US Patent 9,034,629 to Joule Unlimited titled Recombinant synthesis of medium chain-length alkanes
On about 16 June 2015, Joule Unlimited issued a press release which begins
Joule, the pioneer of liquid fuels from recycled CO2, today announced the issuance of an additional patent on the direct, continuous production of hydrocarbon fuels – extending its ability to target the highest-value molecules of the petroleum distillation process and generate them on demand from sunlight and CO2.
U.S. Patent #9,034,629, issued on May 19, covers both the cyanobacterium and the process for directly converting CO2 into medium-chain alkanes, which are the molecular basis of diesel, jet fuel and gasoline.
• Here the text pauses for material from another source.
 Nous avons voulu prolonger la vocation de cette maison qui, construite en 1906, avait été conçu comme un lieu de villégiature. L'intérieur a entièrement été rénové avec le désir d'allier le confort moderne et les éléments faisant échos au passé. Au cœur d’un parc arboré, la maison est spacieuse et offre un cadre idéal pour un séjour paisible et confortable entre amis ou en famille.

The first claim of US 9,034,629
An engineered cyanobacterium,
wherein the engineered cyanobacterium comprises recombinant genes encoding an alkane deformylative monooxygenase having EC number 184.108.40.206, a thioesterase having EC number 220.127.116.11, and a carboxylic acid reductase having EC number 18.104.22.168, wherein the alkane deformylative monooxygenase is encoded by adm, the thioesterase is encoded by fatB or fatB2, and the carboxylic acid reductase is encoded by carB, wherein the thioesterase converts C(.sub.8-12) acyl-ACP to C(.sub.8-12) fatty acid, wherein the carboxylic acid reductase converts C(.sub.8-12) fatty acid to C(.sub.8-12) aldehyde, wherein the alkane deformylative monooxygenase converts C(.sub.8-12) aldehyde to C(.sub.7-11) alkane, and wherein the engineered cyanobacterium produces at least one of heptane, nonane, and undecane in an amount greater than an otherwise identical cyanobacterium, cultured under identical conditions, but lacking recombinant genes encoding alkane deformylative monooxygenase, thioesterase, and carboxylic acid reductase.
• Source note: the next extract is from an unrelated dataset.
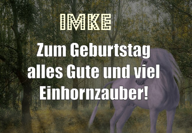 Hier Variation - Zum Geburtstag alles Gute und viel Einhornzauber für Imke!. uf dem Gelande gibt es noch andere kostenlose Bilder mit Namen.

Example 4 includes the text:
One or more recombinant genes encoding one or more enzymes having enzyme activities which catalyze the production of medium chain-length alkanes are identified and selected. The enzyme activities include: an alkane deformylative monooxygenase activity, a thioesterase activity, a carboxylic acid reductase activity, and a phosphopanthetheinyl transferase activity, a long-chain fatty acid CoA-ligase activity, and/or a long-chain acyl-CoA reductase activity. Such genes and enzymes can be those described in Tables 1 and 2.
The selected genes are cloned into an expression vector. For example, adm-carB-entD-fatB or adm-acrM-fadD-fatB (or combinations of homologs thereof) are cloned into one or more vectors. See FIG. 6. The genes can be under inducible control (such as the urea-repressible nir07 promoter or the cumate-inducible cum02 promoter). The genes may or may not be expressed operonically; and one or more of the genes can be placed under constitutive control such that when the other gene(s) are induced, the genes under constitutive control are already expressed. For example, one might express adm, carB, and entD constitutively while placing fatty-acid-generating fatB under inducible control; thus when fatty acids are made by fatB after induction, the remainder of the pathway is already present.
One or more vectors are selected and transformed into a microorganism (e.g., cyanobacteria). The cells are grown to a suitable optical density. In some instances cells are grown to a suitable optical density in an uninduced state, and then an induction signal is applied to commence alkane production.
Alkanes are produced by the transformed cells. The alkanes generally have 7, 8, 9, 10, or 11 carbon atoms. In some instances, alkanes are detected. In some instances, alkanes are quantified. In some instances, alkanes are collected.
The claim to priority: This application is related to U.S. Provisional Application No. 61/756,973, filed Jan. 25,2013.
There was a final rejection in the case on 9 October 2014. Among other items, there were rejections over Roessler, including US 8,633,002. Joule Unlimited, in papers and in an interview on 13 January 2015, pointed to the lack of working examples in the cited prior art of Roessler.